Do I Choose to be Stressed?

A friend of mine, a stay-at-home mother who is married to an engineer who is likely earning over $200k a year, has told me to stop making choices that make me so stressed. I should go to a mindfulness class, she says, as this helped her resolve the majority of her own anxieties. They aren’t rich by any means for this area, but they do have a small condo that the husband’s parents purchased and they are renting the unit from them. I agree with her that I put myself in stressful situations and even when I don’t I have a tendency to stress about every little thing, but it’s hard to have a conversation with her about the stress I feel about money and the ability to live a comfortable life. I hear my mother’s voice, someone who doesn’t really want to understand money or retirement savings, but who just assumes it will all work out. And maybe it will for her. And maybe it will for me. But maybe not.

In the case of my life, I just don’t see it all magically working out. I have to make it work. And,  yes, that is stressful. I am literally making the choice between jobs that will pay over $150k and jobs that would pay $60k — and the crazy thing is it’s easier to get hired in the former right now. Those well-paid jobs come with a heaping dose of responsibility and the corresponding stress.

Here I am, one month from turning 32, and — this is the year I’ll get married and when I want to try to have children.

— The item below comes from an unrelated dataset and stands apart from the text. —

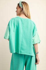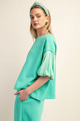 Mixed Jersey Short Puff Sleeved Tee Emerald

I know having children will be challenging due to my health issues, and I also know that stress can contribute to infertility and miscarriages. I need to focus on being healthy and stress-free right now, but that’s hard to do when I am staring down these startup jobs that I’ll always feel under-qualified for and incapable of any sustained success. And just logistically these companies don’t have paid leave for maternity or anything, so I’d basically have to quit when I have a kid, if I have a kid. Which really sucks since I’m currently the breadwinner (well, at least prior to getting the axe!) I don’t know how I can make this work. It works FINE now – living in a one bedroom apartment and being ok with having to move if our rent goes up too much… but I can’t do this with kids. I mean, people DO do this with kids. But if I’m stressed now… then I can’t imagine how I’d feel then. And I don’t want to be a stressed out mother around my future children.

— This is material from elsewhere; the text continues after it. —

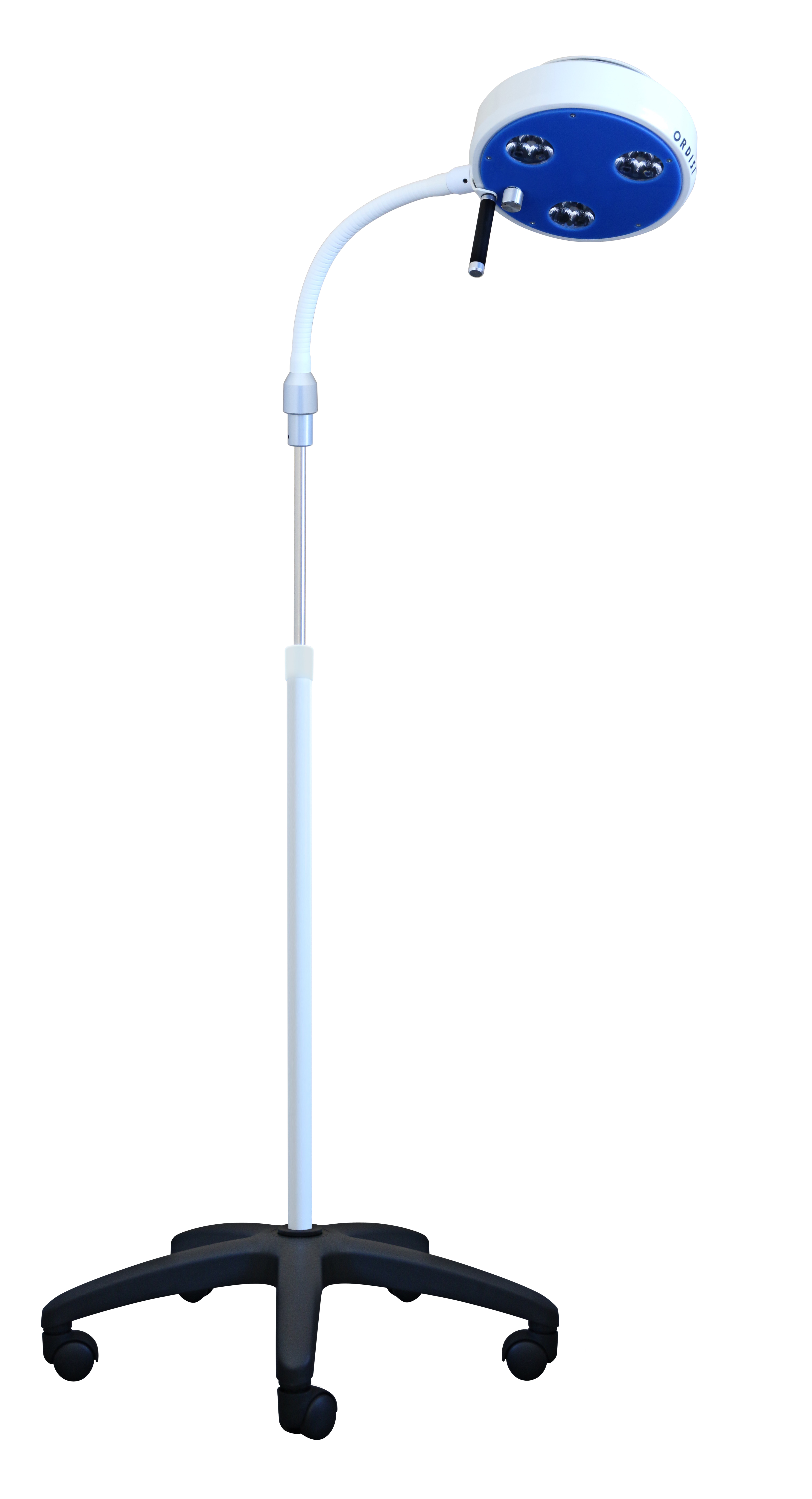 Mocowanie lampy: w zestawie wózek jezdny o stabilnej podstawie, z regulacją wysokości lampy.

Today, I’m trying to decide whether to do COBRA for health insurance or to purchase it on my own. Neither option is great. For $550 a month I can have a $1500 deductible plan… or I can buy my own and do something like $350 a month for a $5000 deductible. In either case, it’s just a catastrophic plan and any other health needs… like… pregnancy stuff… wouldn’t be covered (well, it would go towards that impossibly high deductible or not at all.) My fiance doesn’t have insurance through work so it’s not like I’ll be better off when married. We’ll just be paying more in tax (if we’re both working) as our big reward for tying the knot.

I know I’m fortunate to even have these problems… but the next few years of my life are legitimately terrifying. These are the years when I either become a mother OR become a woman who never has kids. Either is a major, major life-defining situation. I want kids, even though I’ll never feel ready. I don’t want to watch my 30s go by and have just let work become the only thing that matters in life. And I’m the type of person that is all or nothing — it’s so hard for me to be just enough, but not too much, especially when in the startup world the general unspoken agreement is that you should work 14 hours a day, 7 days a week (give or take.)

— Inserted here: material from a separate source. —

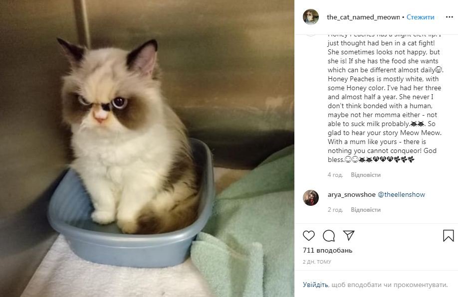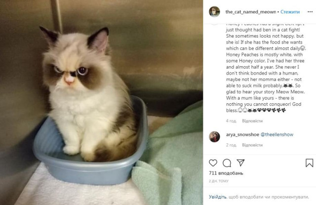 Дівчина розповіла, що побачила Мяу Мяу у зоомагазині, коли тій було 10 місяців.

Becoming a contractor would be ideal – for the flexibility – but then I’ll really have to deal with the health insurance situation… I mean, after rent, health insurance, and car insurance … that’s about $1800 a month right now. I just don’t think I can – for the long term – do the consultant thing. I think, even though the stability kills my drive, I need it. I just don’t know WHAT to do. It’s not like I can bring up the whole “hey… so I may get pregnant in the next year or two… and also, I may need to take crazy hormones and take time off of work in order to get pregnant because my body doesn’t work so can I negotiate some of flexibility into this contract or you know what just go hire some woman who doesn’t want kids or who already has them at least or just someone who probably won’t have substantial medical issues trying to get pregnant.”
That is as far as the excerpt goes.